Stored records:
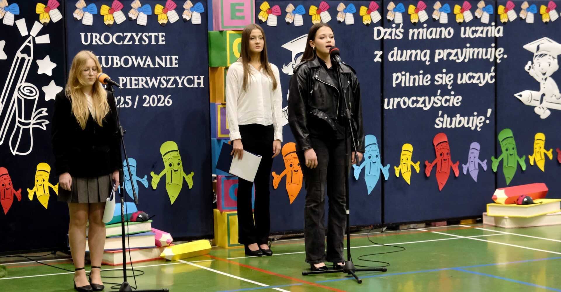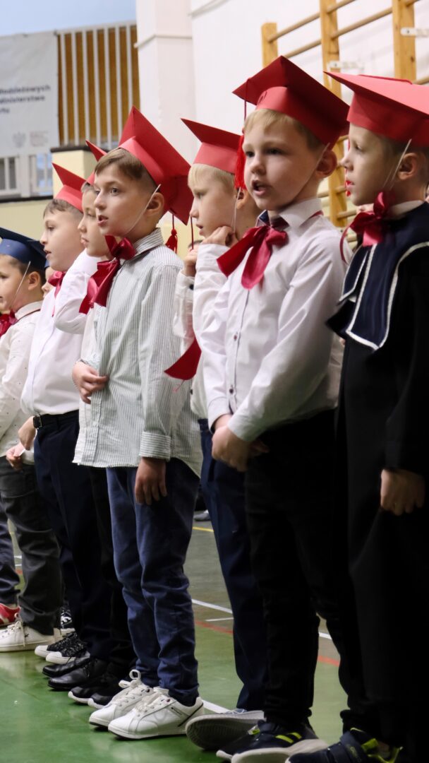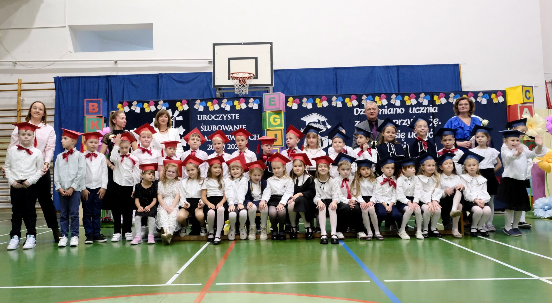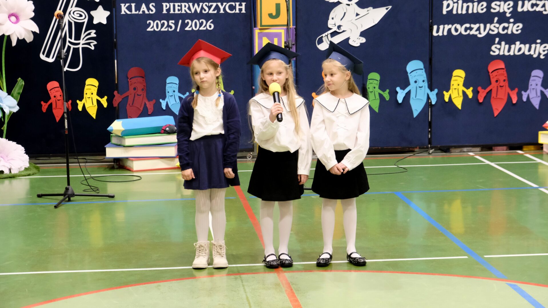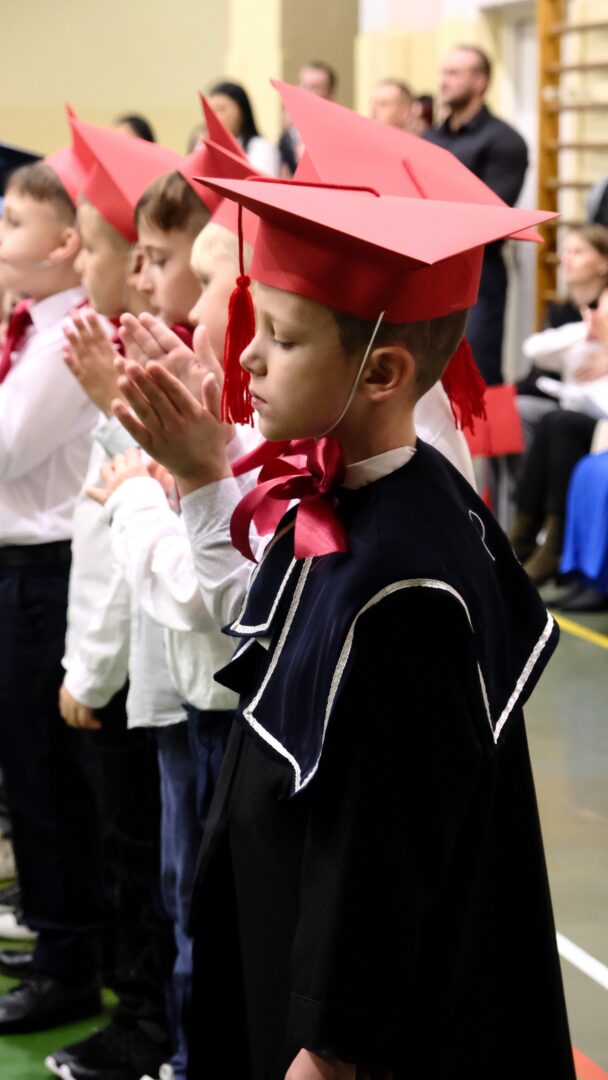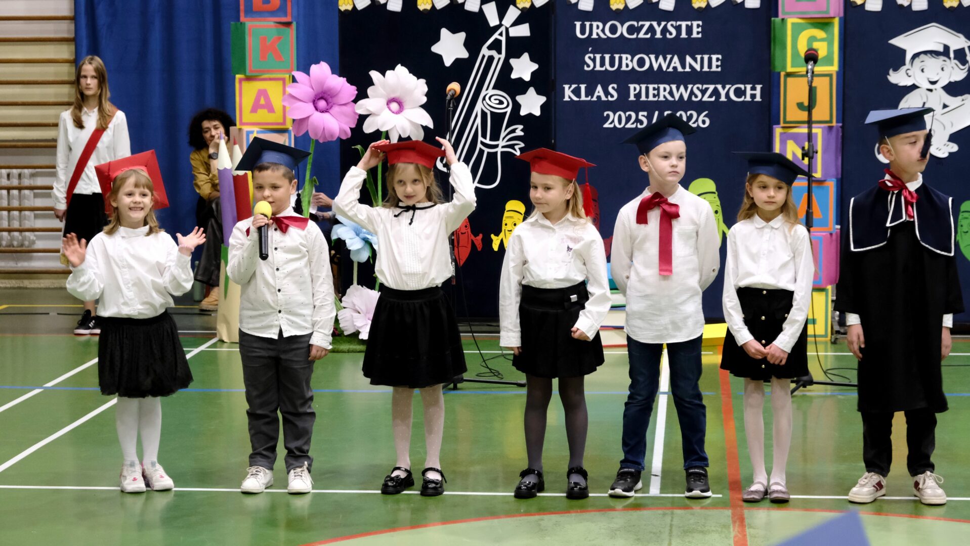 Słowami przysięgi, 29 października 2025r. wszyscy uczniowie klas pierwszych naszej szkoły złożyli uroczyste ślubowanie. Pomimo tremy jaka występuje przy podniosłych uroczystościach, wszystko wypadło znakomicie. Dzieci świetnie prezentowały się w strojach galowych oraz kolorowych, uczniowskich biretach. Nie sposób było oderwać od nich oczu.
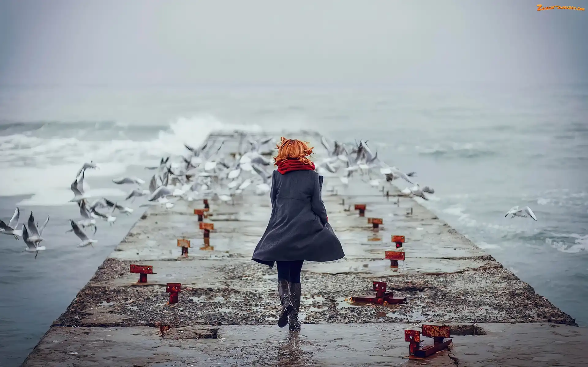 Mewy, Wiatr, Morze, Rudowłosa, Pomost
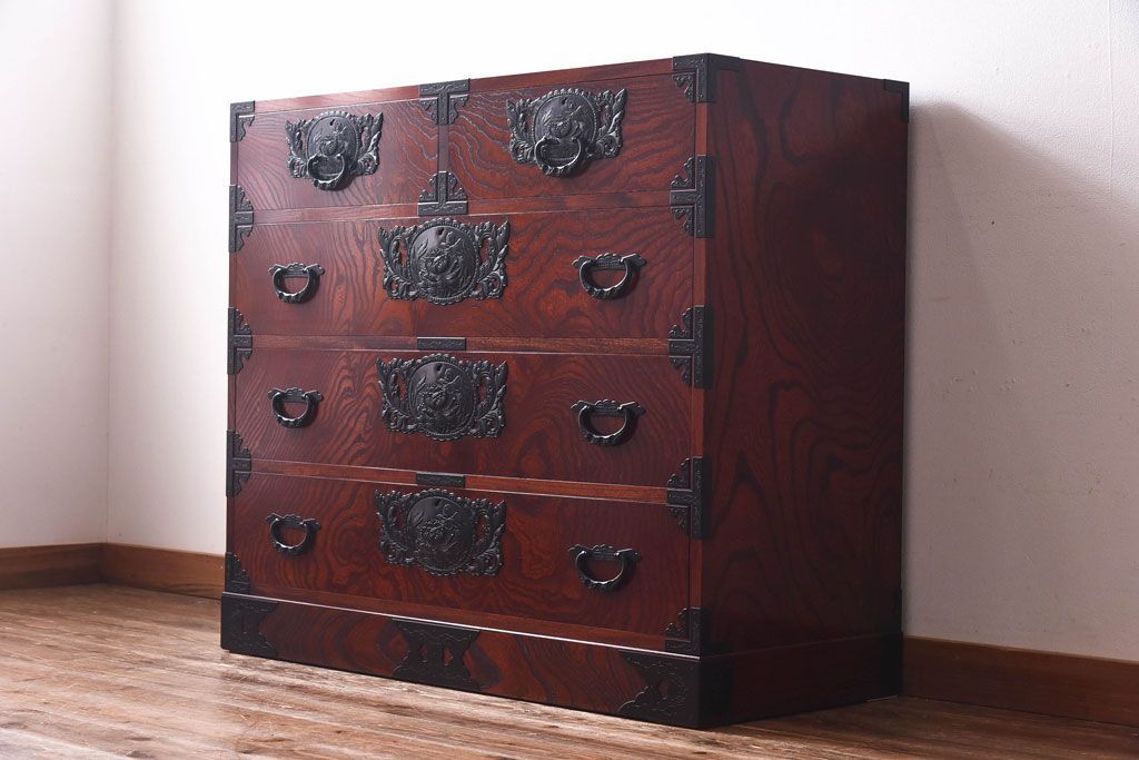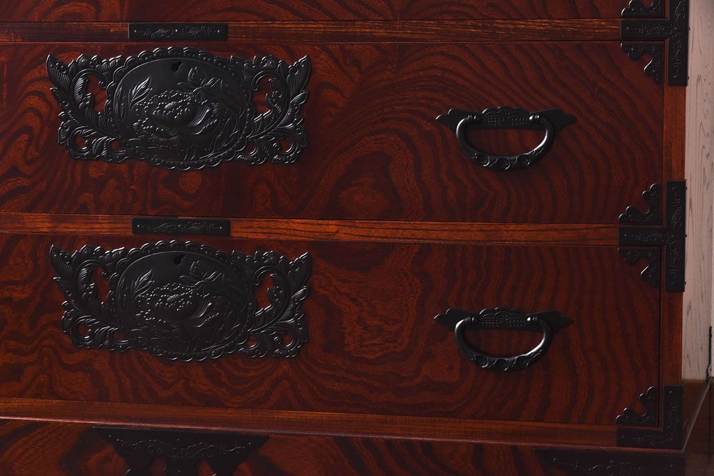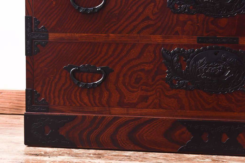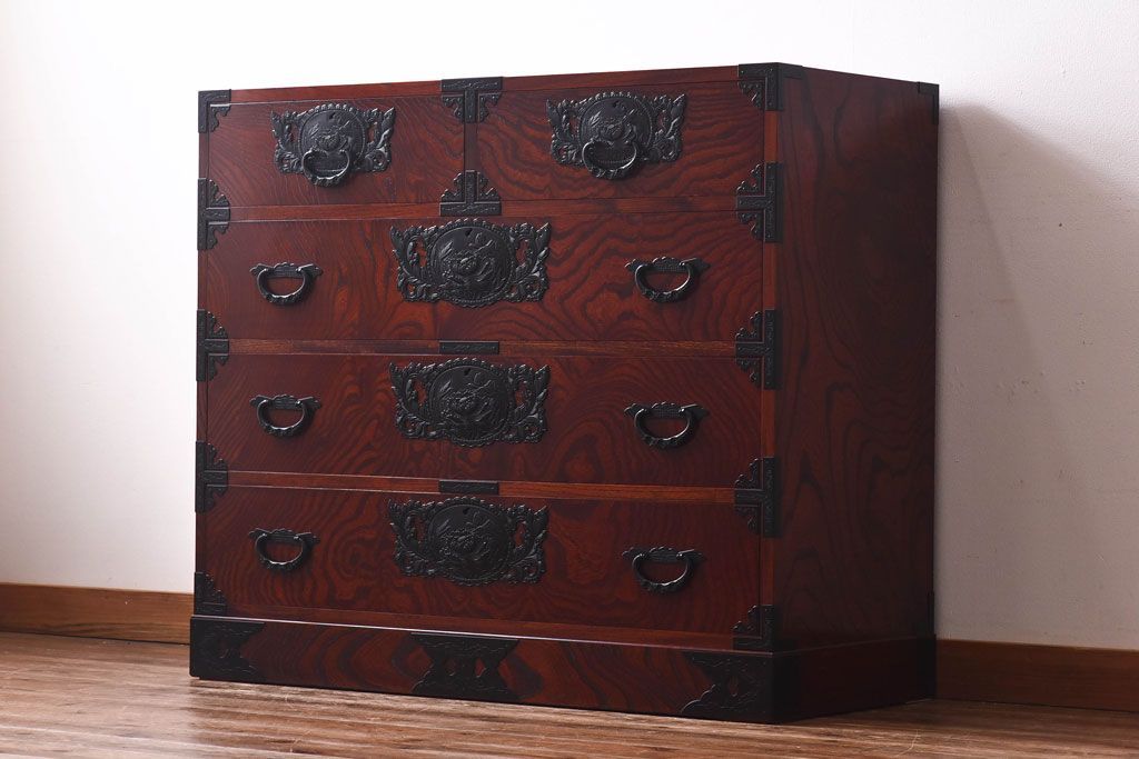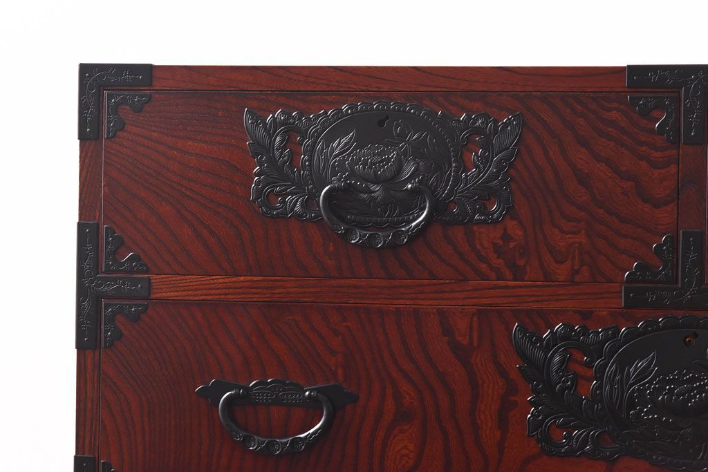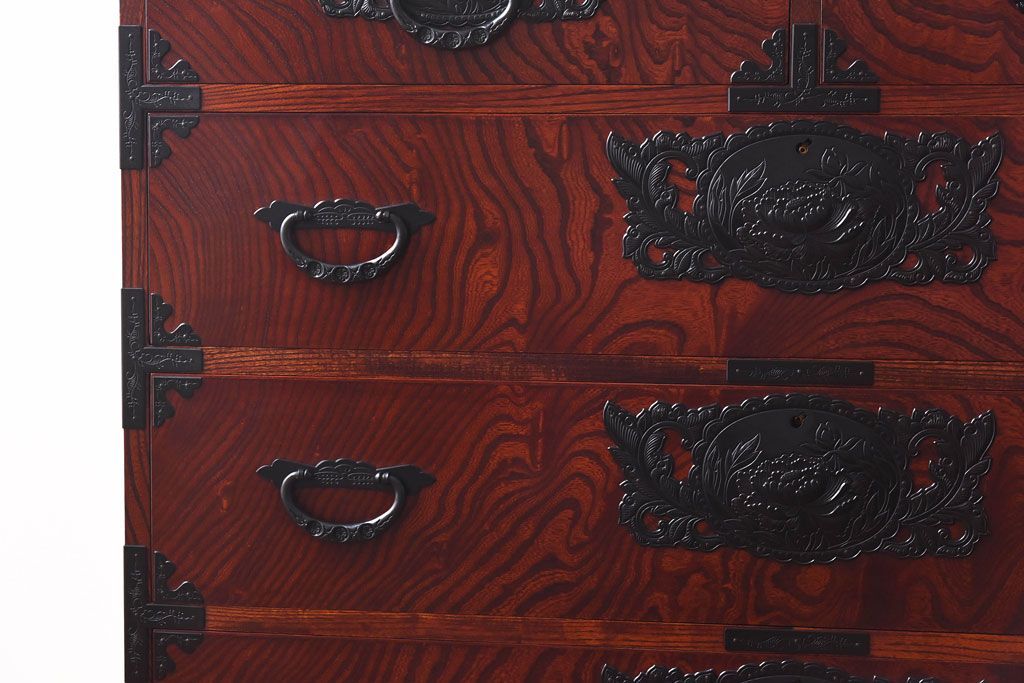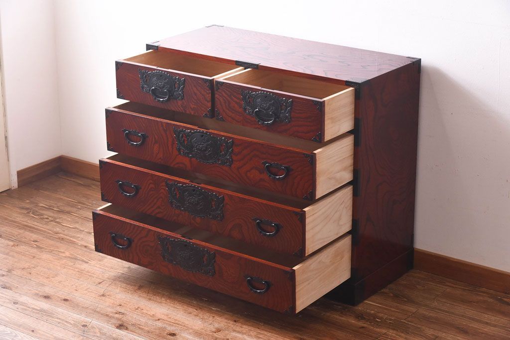 ラフジュ工房> 和箪笥 > 中古 仙台民芸箪笥(仙台箪笥) 欅産業 拭き漆塗り 三・五尺箪笥90(整理箪笥、衣装箪笥、引き出し)(定価約39万円)
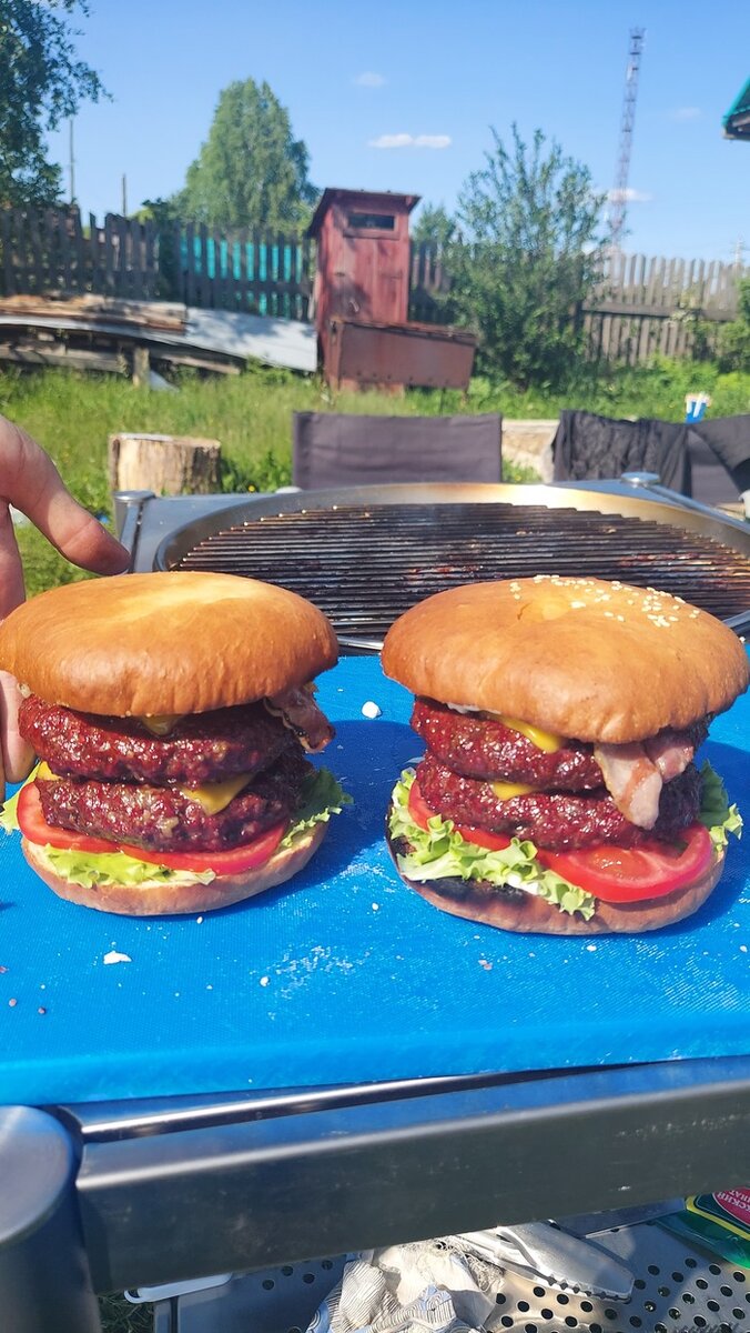 День рождения прошёл, а вкусно кушать надо всегда! Сегодня я на даче, с товарищем поваром! А это значит, что будем отрываться по полной. Новый рецепт. Сохраняйте себе и погнали готовить вот такую вкуснятищу! Для начала замесим тесто для булочек! Яйцо - 1 штука (50 грамм) Сахар - 10 грамм. Соль - 3 грамм. Дрожи - 4 грамм. Вода (тёплая) - 70 грамм. Всё это замешмваем и добавляем муки 230 грамм. Когда тесто почти готово и вы его как следует замесили, надо добавить 30 грамм сливочного масла и месить его ещё минут 10, чтобы всё масло разошлось. Получилось тесто, которое мягкое и не липнет к рукам. Накрыли плёнкой и оставили на час в теплом месте. Через час будет вот так. Режем его пополам и катаем шарики. Шарики плющим и накрываем плёнкой. Ещё полчаса и булочки готовы к выпеканию! В этот момент я затупил. Надо было посыпать кунжутом, когда я ещё их плющить. В итоге кунжут не особо то и прилип. Самое время растопить угольный гриль! Потому, что булочки выпекать будем на нем! Положили на фольг
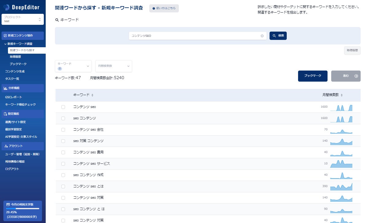 キーワードを入力するだけで、関連の深いキーワードとその月間検索ボリュームが一覧表示されます。検索ボリュームの変化やユーザーの検索意図も一目でわかるので、直感的にコンテンツ制作すべきキーワードを選定可能。さらに、すぐに制作しないキーワードはブックマークに保存しておくこともできます。
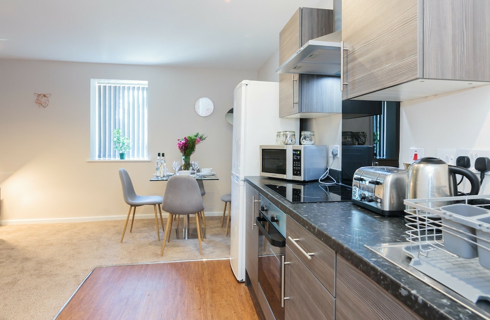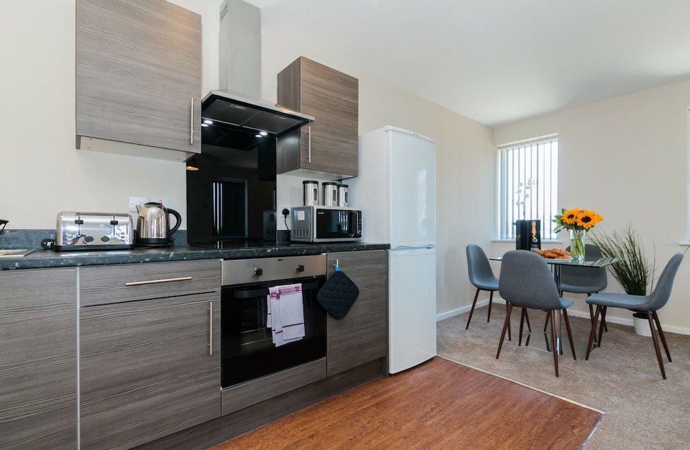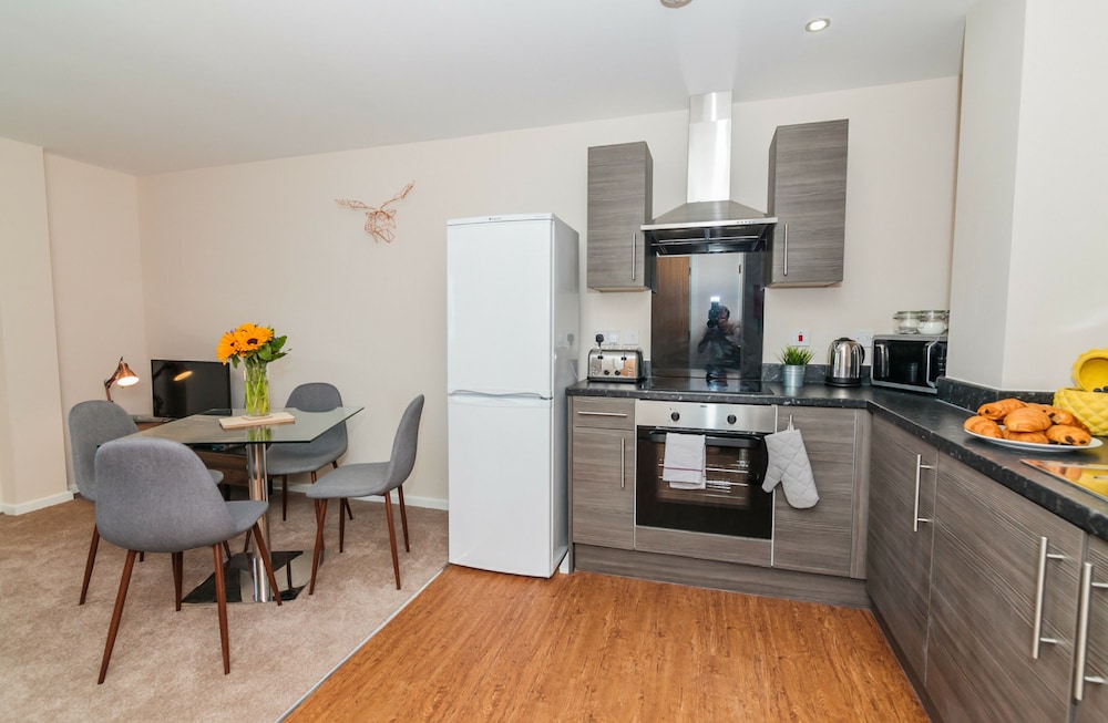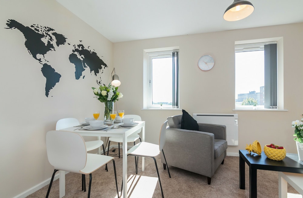 Old Trafford ja Salford Quays sijaitsevat 5 minuutin ajomatkan päässä. Tämä huoneisto sijaitsee 6,2 km:n päässä kohteesta Trafford Centre ja 23 km:n päässä kohteesta Peak District National Park. Tässä majoituspaikassa on 24 yksilöllisesti sisustettua huonetta. Huoneiden varusteluun kuuluu muun muassa keittiö, jossa on jääkaappi ja uuni. Mukavuuksiin kuuluu myös taulutelevisio. Huone siivotaan kerran viikossa. Huoneissa on vedenkeitin ja silitysrauta/-lauta. Etäisyydet pyöristetään lähimpään 0,1 mailiin ja kilometriin.

→ WHAT IS EXPECTED
Leaving pictures out, output the lines of the data above from the one with "Mewy, Wiatr, Morze, Rudowłosa, Pomost" through the one with "ラフジュ工房> 和箪笥 >", word for word.

→ REPLY TO THE EXERCISE
 Mewy, Wiatr, Morze, Rudowłosa, Pomost
 ラフジュ工房> 和箪笥 > 中古 仙台民芸箪笥(仙台箪笥) 欅産業 拭き漆塗り 三・五尺箪笥90(整理箪笥、衣装箪笥、引き出し)(定価約39万円)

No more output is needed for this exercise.